127.0.0.1:6379> HSET user:100 score 7
(integer) 0
127.0.0.1:6379> ZEESQL.EXEC DB COMMAND "select * from ranked_users;"
1) 1) "RESULT"
2) 1) "id"
2) "name"
3) "score"
4) "rank"
3) 1) "INT"
2) "TEXT"
3) "INT"
4) "TEXT"
4) 1) (integer) 100
2) "foo"
3) (integer) 7
4) "expert"
5) 1) (integer) 109
2) "joe"
3) (integer) 5
4) "expert"

If our game gains a lot of users some queries could become slow.

On top of the secondary index table, it is possible to add SQLite indexes.

For instance, we might want to know how many users have a particular score. If there are a lot of users, this query might be slow.

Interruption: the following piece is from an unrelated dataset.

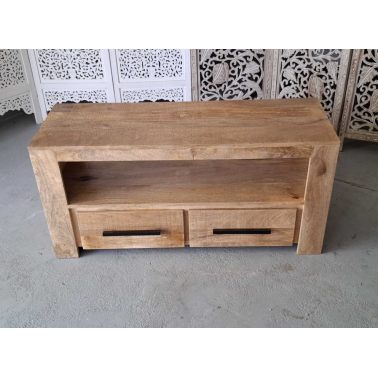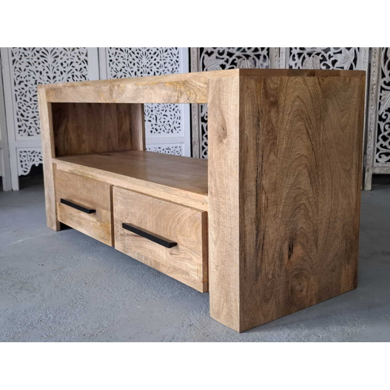 Komoda RTV wykonana z egzotycznego drzewa mango.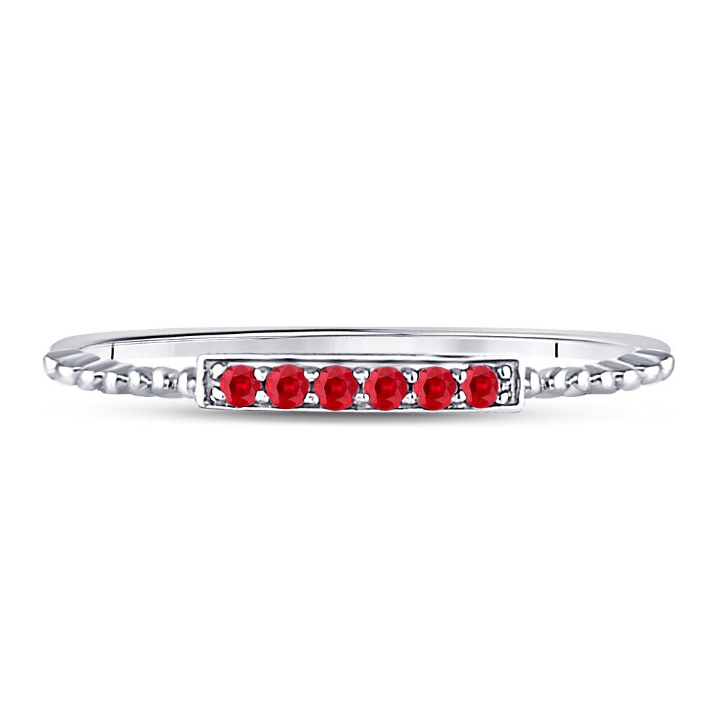 10kt White Gold Womens Round Ruby Beaded Stackable Band Ring 1/20 Cttw

127.0.0.1:6379> ZEESQL.EXEC DB COMMAND "explain query plan select * from users where score = 3;"
1) 1) "RESULT"
2) 1) "id"
2) "parent"
3) "notused"
4) "detail"
3) 1) "INT"
2) "INT"
3) "INT"
4) "TEXT"
4) 1) (integer) 2
2) (integer) 0
3) (integer) 0
4) "SCAN TABLE users"

This query uses a full table scan.

We can do better defining an index:

127.0.0.1:6379> ZEESQL.EXEC DB COMMAND "create index user_rank on users(score);"
1) 1) "DONE"
2) 1) (integer) 0
127.0.0.1:6379> ZEESQL.EXEC DB COMMAND "explain query plan select * from users where score = 3;"
1) 1) "RESULT"
2) 1) "id"
2) "parent"
3) "notused"
4) "detail"
3) 1) "INT"
2) "INT"
3) "INT"
4) "TEXT"
4) 1) (integer) 3
2) (integer) 0
3) (integer) 0
4) "SEARCH TABLE users USING INDEX user_rank (score=?)"

Conclusion

In this article, we show how to use secondary indexes in zeeSQL.

They are very powerful and useful when you are simplifying your queries against Redis Hashes. Moreover, they allow you to think only about the main data, it is the query engine that finds the best way to query your data for you.

The important takeaway from this article should be that the table creates as zeeSQL secondary indexes are just standard tables. As such, those tables can be manipulated in whichever way the application developer finds more opportune.